Unlike Cabernet Sauvignon, the structure is delicate and fresh

Zinfandel (Zin-fan-dell)
Perhaps the world’s most versatile wine grape, making everything
from blush wine (White Zinfandel), to rich, heavy reds. Zinfandel is a
variety of black-skinned wine grape. The taste of the red wine depends on
the ripeness of the grapes from which it is made. Often a zesty flavor with
berry and pepper. Red berry fruit flavors like raspberry predominate in
wines from cooler areas, whereas blackberry, anise and pepper notes are
more common in wines in warmer areas and in wines made from the earlier
Primitivo ripening.
Sangiovese (San-gee-oh-ve-zee)
Sangiovese is a red Italian wine grape variety that derives its name
from the Latin sanguis Jovis, “the blood of Jupiter”.

Young Sangiovese has fresh fruity flavors of strawberry and little

spiciness, but it readily takes on oaky, even tarry flavors when aged in
barrels. While not as aromatic as other red wine varieties such as Pinot
Noir, Cabernet Saugvinon, and Syrah, Sangiovese often has a flavor profile
of sour red cherries with earthy aromas and tea leaf notes. Wines made
from Sangiovese usually have medium-plus tannins and high acidity.

Barbera (Bar-bear-a)
Barbera is a red Italian wine grape variety that, as of 2000, was the
third most-planted red grape variety in Italy. It produces good yields and
is known for deep color, full body, low tannins and high levels of acid.

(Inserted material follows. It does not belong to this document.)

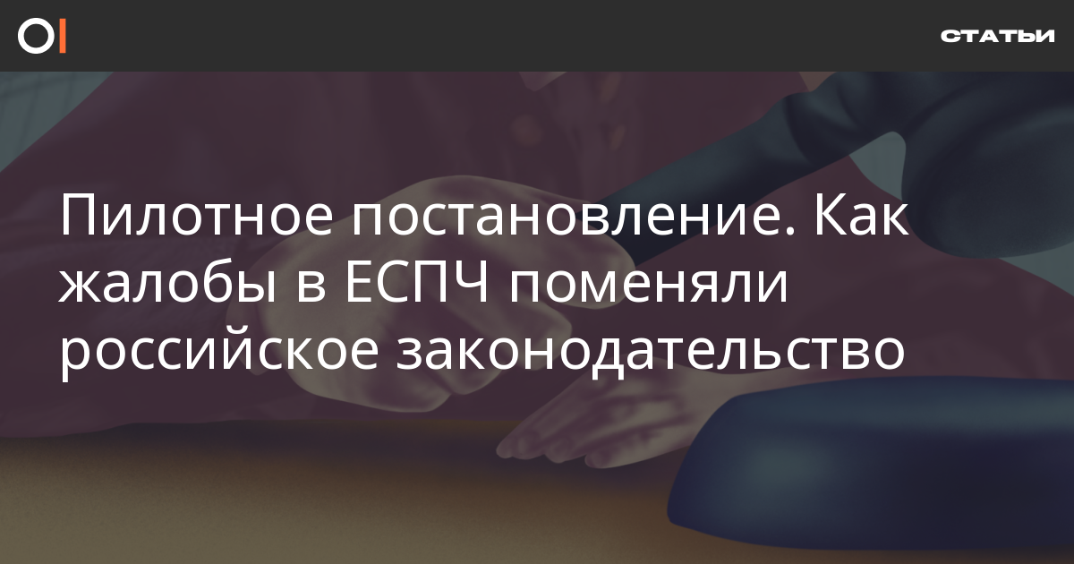 Она добавляет, что у «пилота» есть и плюсы, и минусы. Из плюсов можно выделить то, что в «пилоте» ЕСПЧ дает четкие инструкции государству — что оно должно изменить, чтобы исправить системное нарушение прав граждан. То есть прописывает конкретные действия и следит за их исполнением, что создает дополнительное давление для государства. Тогда как в обычном решении ЕСПЧ суд выдает лишь рекомендации, которые страна может не выполнять.

Not as popular as Merlot but with similar attributes. When young,

the wine offers a very intense aroma of fresh red cherries and blackberries.
In the lightest versions, notes of cherries, raspberries and blueberries and
with notes of blackberry and black cherries in wines made of more ripe
grapes. The lightest versions are generally known for flavors and aromas
of fresh fruit and dried fruits and are not recommended for cellaring.
Wines with better balance between acid and fruit, often with the addition
of oak and having a high alcohol content are more capable of cellaring.